You can enable anomaly mode as recommended in the error message to know which line of the forward created the Tensor that is wrongfully modified inplace

Maymercury · February 10, 2021, 11:17pm

I received this response:
[torch.FloatTensor [100, 7]], which is output 0 of SelectBackward, is at version 2; expected version 1 instead. Hint: the backtrace further above shows the operation that failed to compute its gradient. The variable in question was changed in there or anywhere later.
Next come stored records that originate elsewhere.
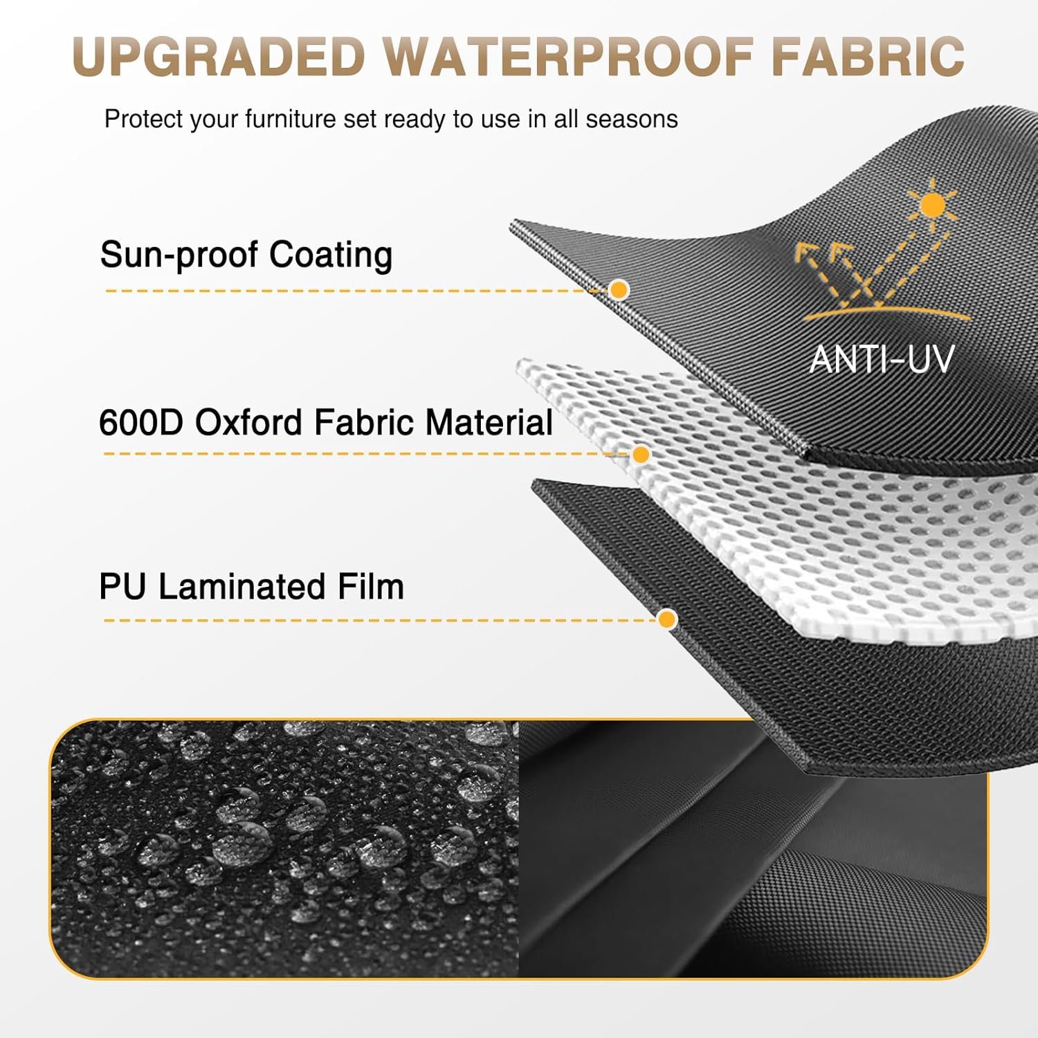 • ??All-Weather Durability??Crafted with UV-resistant resin wicker and rustproof steel framing, this outdoor patio furniture set thrives in sun, rain, or snow. The weatherproof construction resists fading, cracking, and corrosion, ensuring long-lasting performance in any season. Wicker patio furniture cushion and pillow fabrics can shake off splashes or drizzle easily, but use the included waterproof cover during heavy rain or extended outdoor storage to maximize protection.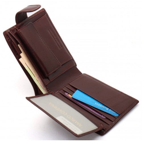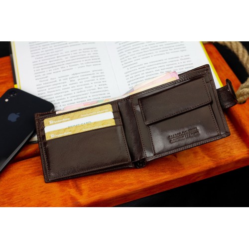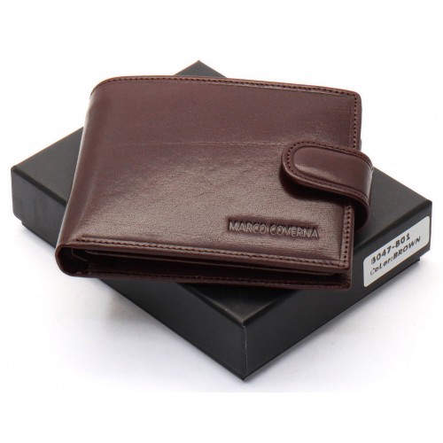 Коричневе чоловіче портмоне на кнопці з натуральної шкіри Marco Coverna B047-801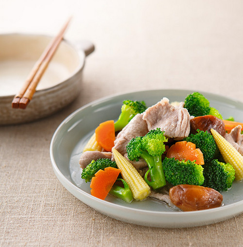B 鲜香菇5朵、青花椰菜100公 克、红萝卜30公克、玉米笋40 公克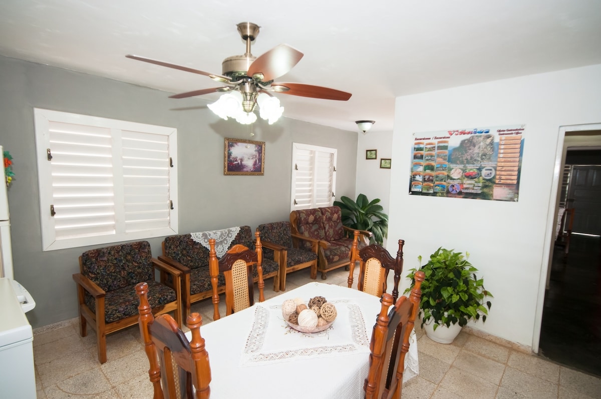 LOOK NO FURTHER, YOU'VE FOUND PARADISE. A UNIQUE COUNTRY HOUSE ACCOMMODATION, WITH A PRIVATE ROOM. A TROPICAL ENVIRONMENT AND A FAMILY ENVIRONMENT THAT WILL MAKE YOU FEEL AS IF YOU WERE IN YOUR PRIVATE HOME. VIEWS OF THE VALLEY FROM ALL CORNERS OF THE TERRACE. ALL KINDS OF IDEAL EXPERIENCES FOR HORSEBACK RIDING OR WALKING THROUGH THE VALLE DE VIÑALES, TRIPS TO OUR BEACHES, BICYCLE TOURS, BREAKFAST, DINNER, RUM, TOBACCO, AND TRADITIONAL DRINKS.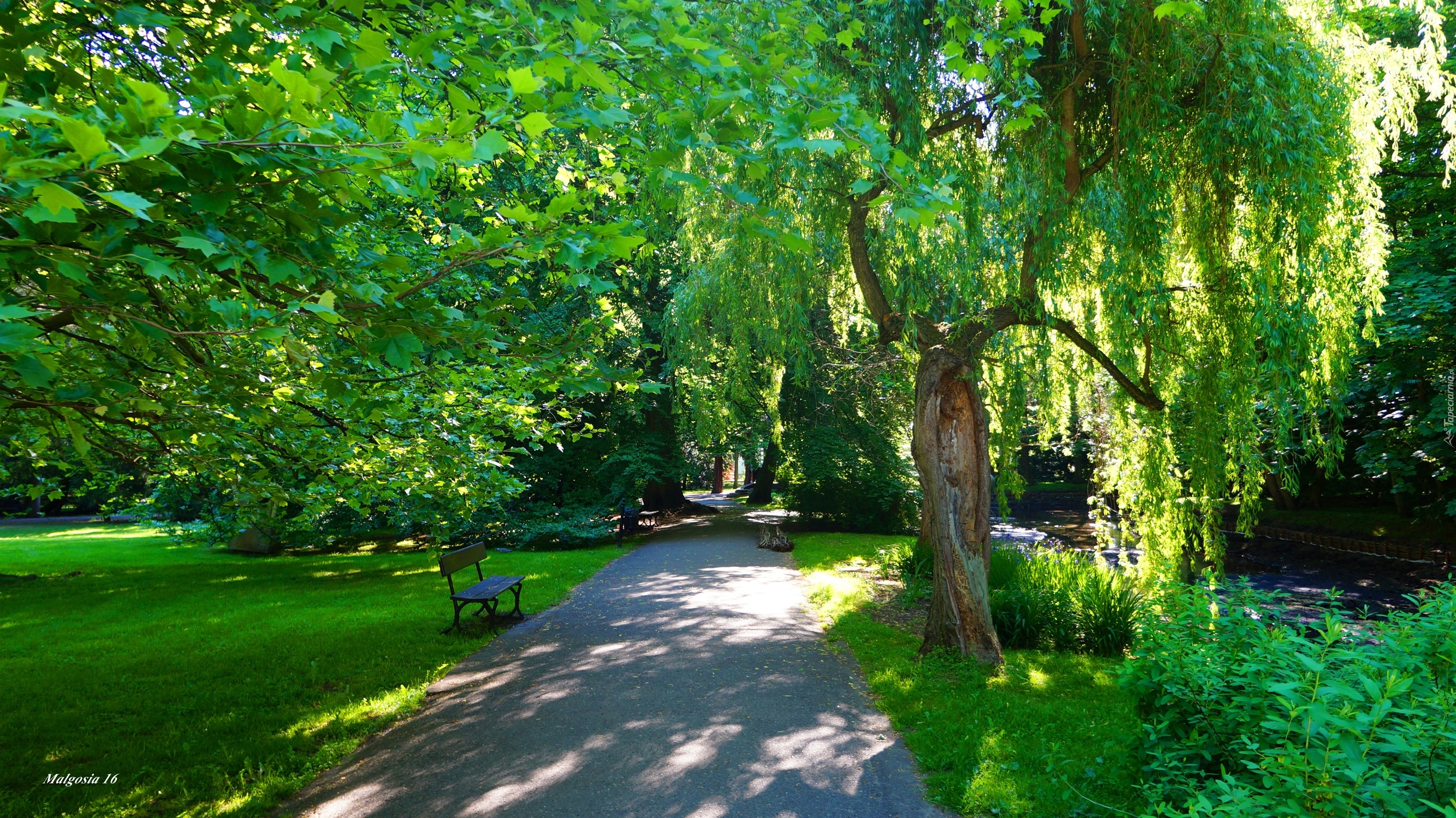 Edytor tapety: Polska, Gdańsk, Park Oliwski im.Adama Mickiewicza, Drzewa, Zieleń, Alejka, Ścieżka, Ławka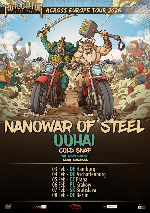 We will be joining Nanowar Of Steel, Uuhai, Cold Snap and Lady Ahnabel on the Motocultor Across Europe Tour 2026 on the following 6 dates in February: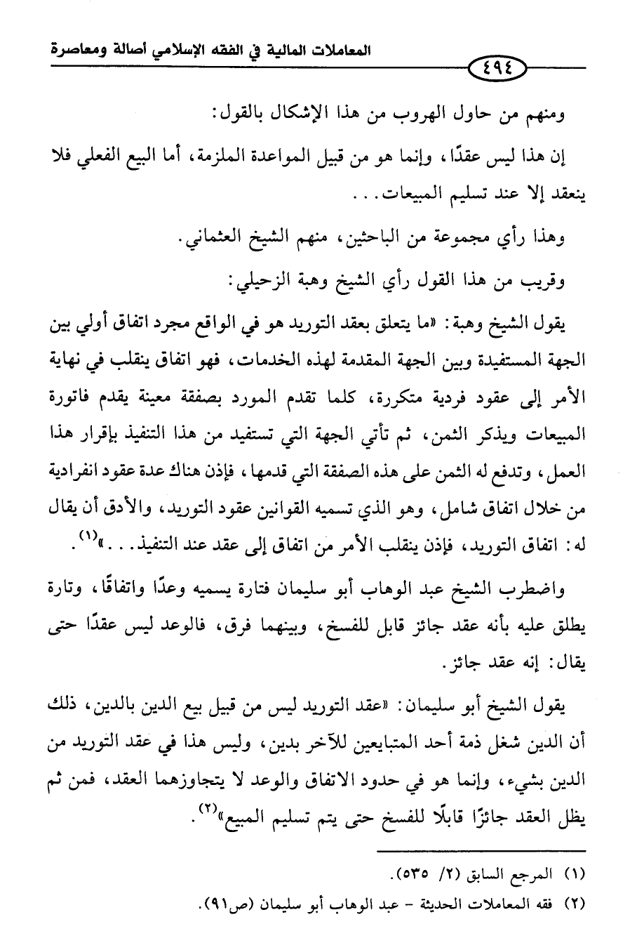 (¬٢) فقه المعاملات الحديثة - عبد الوهاب أبو سليمان (ص ٩١).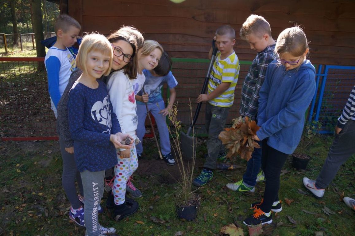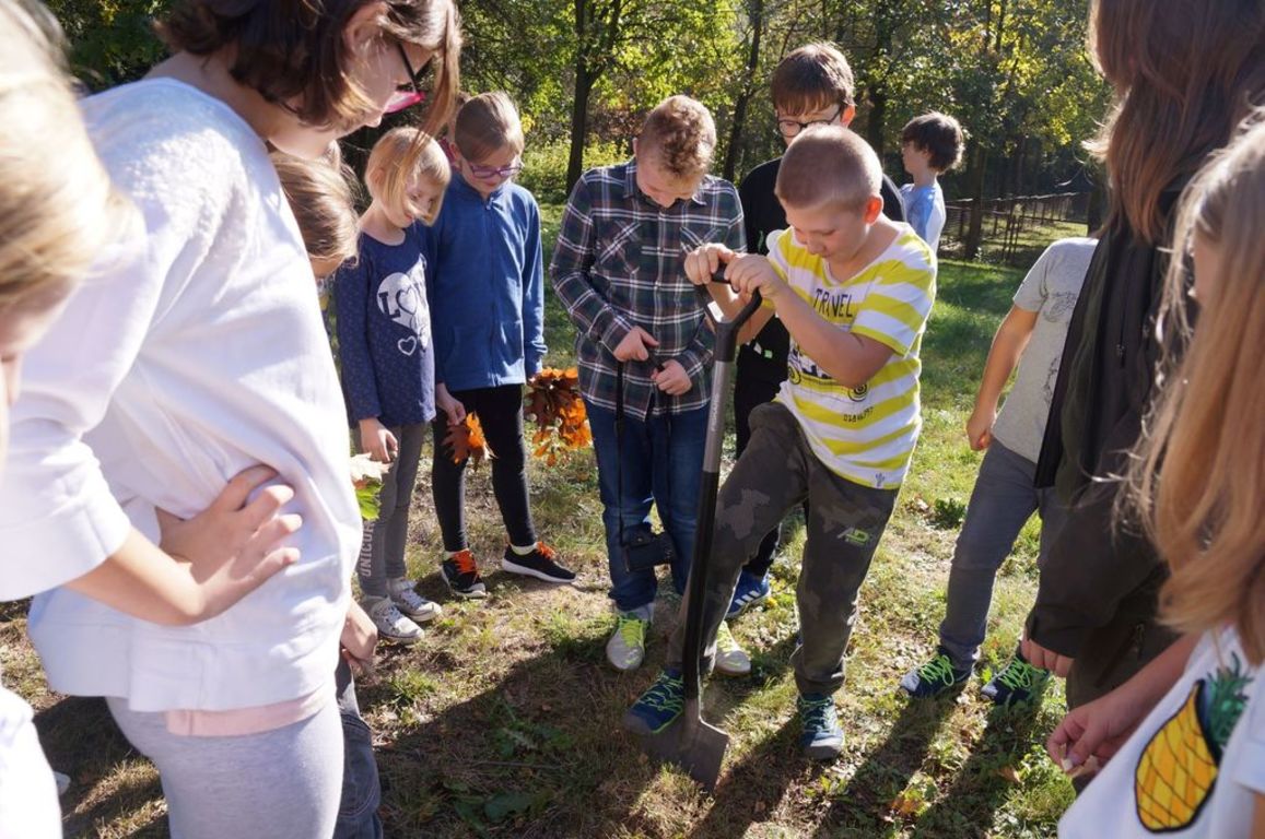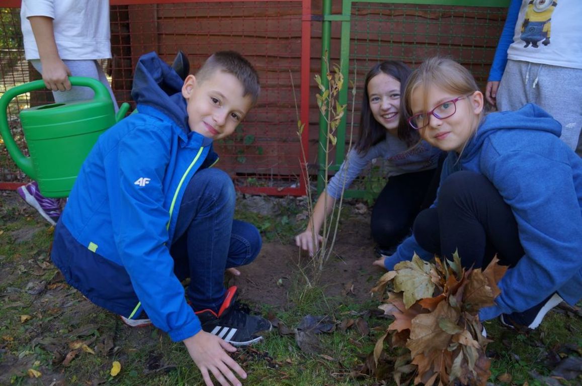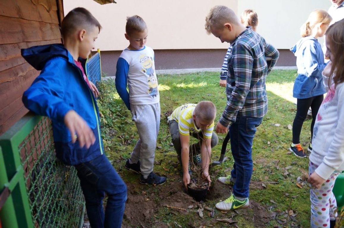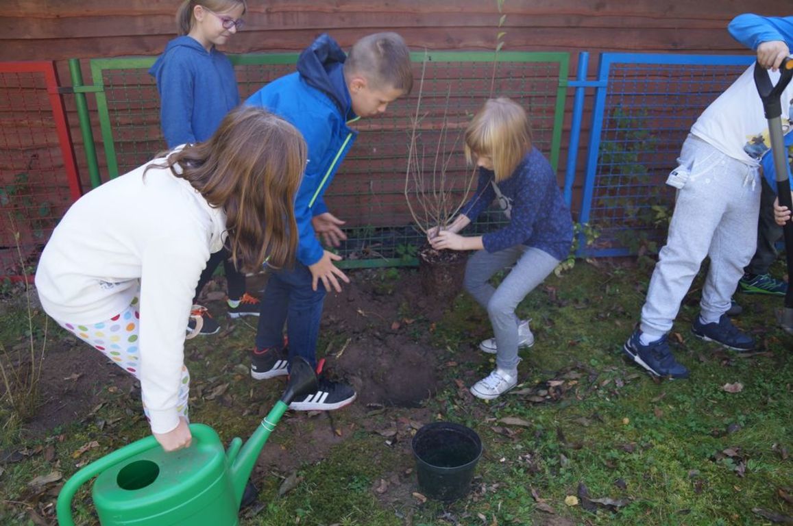 Jednak największą atrakcją tego dnia okazało się sadzenie drzew przez czwartoklasistów na terenie ogrodu znajdującego się przy naszej placówce. Dzieci z wielkim zapałem i radością sadzili drzewa, a sprzyjała temu również piękna, słoneczna, październikowa pogoda.

Good luck!

I’m pretty new to Pytorch, I don’t really know what this means.

albanD · February 10, 2021, 11:24pm

the backtrace further above shows the operation that failed to compute its gradient.

There should be another backtrace above the one for the error that tells you that.
It is a python warning, so if you silence python warnings, you want to disable that there.